Thursday, November 6, 2008

Ravage Me: Rachel Maddow

Note: "Ravage Me" is a column I've created to help me categorize posts about people I admire and enjoy (and, from time to time, might daydream about having raunchy dirty sex with).


God. Rachel, you make the unsightly American flag look so damn good...mmmhmm!

I just finished spending a full hour watching video clips of and reading articles about Rachel Maddow. I'm at a point where I feel intense, severe desire to transcend science by jumping into my computer screen and asking (maybe forcing, if needed) Rachel to ravage my body.

She was a Rhodes Scholar at Oxford University, where she obtained a doctorate in political science. Her activism focused on HIV/AIDS and prison rights.

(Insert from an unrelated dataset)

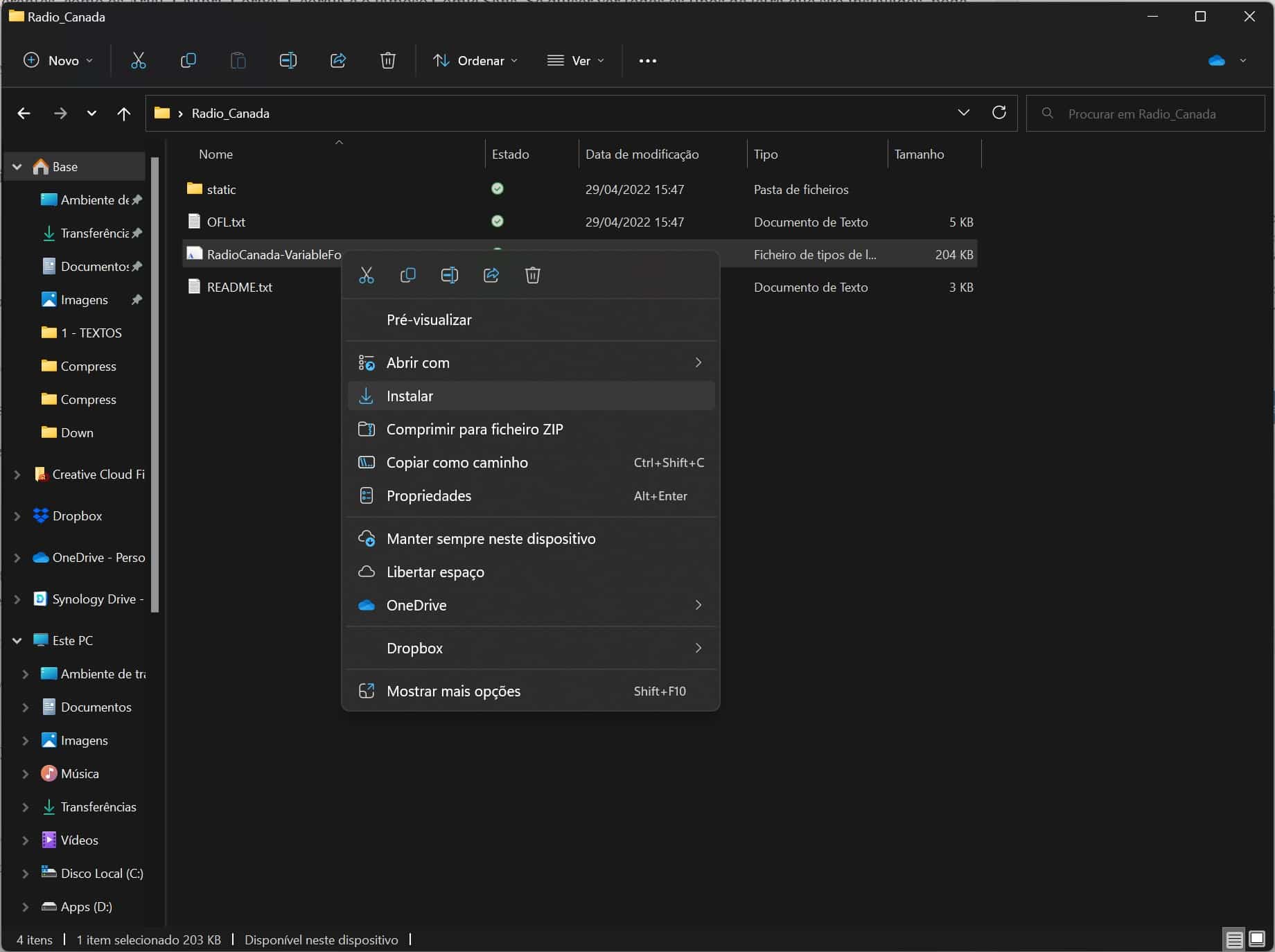 Abra a pasta onde foram colocados os ficheiros do tipo de letra, clique em cima do ficheiro com a extensão .TTF (ou .OTF, se for o caso) e escolha a opção ‘Instalar’.

She's probably the most well-known for her daily show, The Rachel Maddow Show.

And...I am such a fangirl.

I realize, for the most part, the general mass still only allows themselves to nod their heads in agreeance with and laugh at the jokes of white dykes. Ha, maybe I will live to the day to see a queer woman of colour in a similar public position as Maddow. I mean, Obama is now the President-elect of the United States, surely we will soon see a queer woman of colour of, at least, Maddow's caliber...right?

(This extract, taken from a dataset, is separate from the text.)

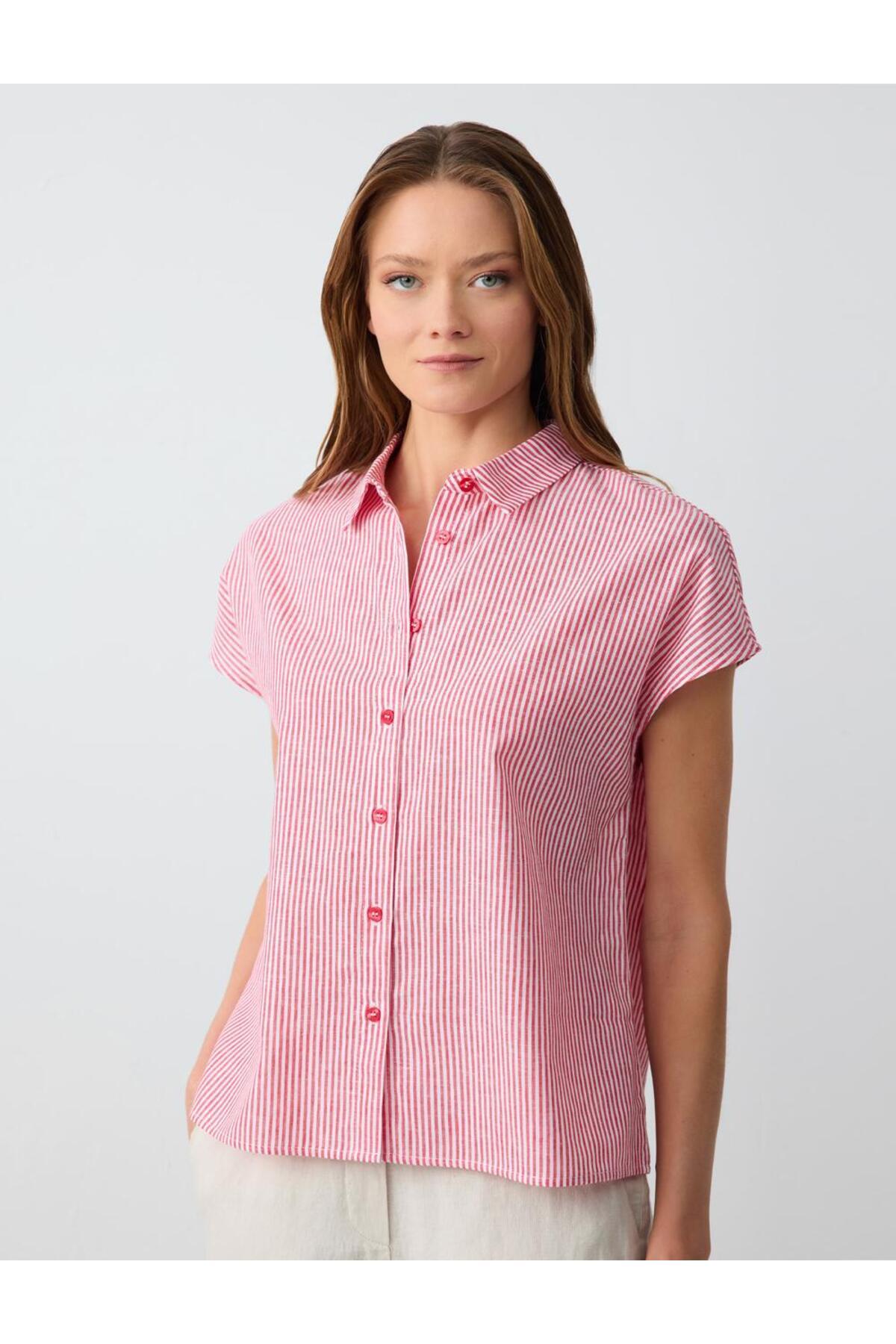 Taş Kısa Kollu Düz Kesim Keten Karışımlı Gömlek Taş Kısa Kollu Düz Kesim Keten Karışımlı Gömlek 5SW083627 XL

I know it's rather offensive to set a well-educated, white lesbian woman as the ideal against which queer women of colour should aspire to. I should probably be severely chastised for creating such a power dynamic, but really, I've got such the hots for her that I'm beyond senseless and anti-oppressive lecturing.

But really, we must all agree that Rachel is wittier, funnier and more articulate than North America's last really famous lesbian, Ellen DeGeneres (okay, there's also Lindsay Lohan, but let's not go there). Plus, let's not forget the fact that North American mass media loves to see gay people as comedians and not often as political commentators and analysts. The woman is sharp with her commentary; it's highly impressive.

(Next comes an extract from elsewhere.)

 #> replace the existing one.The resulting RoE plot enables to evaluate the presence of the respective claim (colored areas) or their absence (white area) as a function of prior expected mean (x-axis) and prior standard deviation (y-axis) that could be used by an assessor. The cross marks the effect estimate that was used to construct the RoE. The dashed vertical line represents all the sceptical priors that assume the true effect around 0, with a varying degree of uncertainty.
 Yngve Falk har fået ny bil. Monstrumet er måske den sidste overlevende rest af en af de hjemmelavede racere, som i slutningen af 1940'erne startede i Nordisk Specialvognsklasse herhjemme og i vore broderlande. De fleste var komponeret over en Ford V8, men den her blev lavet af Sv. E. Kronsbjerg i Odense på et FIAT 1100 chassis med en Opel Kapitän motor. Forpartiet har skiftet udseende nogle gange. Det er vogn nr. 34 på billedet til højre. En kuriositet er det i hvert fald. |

Geeze, even her awful excuse of a haircut has somehow made its way to my heart, making it pump extra fast and extra hard upon the sight of the ungodly mane.

I'm sure there's something disgraceful about her, that someone will soon point out to me. I already know that she loves the Olympics and boasted about not being affected by anything she ate and drank while in Mexico in early 2006 (a day after which she fell ill. ha.), like Mexico is this infested, "other" place that she has triumphed over. I'm still unaffected by the rather disappointing "fun facts" about her. So please, do enlighten me as to save me from my own obsession.

But really now, Rachel, why spend all of your energy laying the smackdown on loser conservative talk heads when you can be laying the smackdown on me??? Actually, I'm not even quite sure what I even meant by that, but I think I was trying to go for "word-on-play sexy and witty."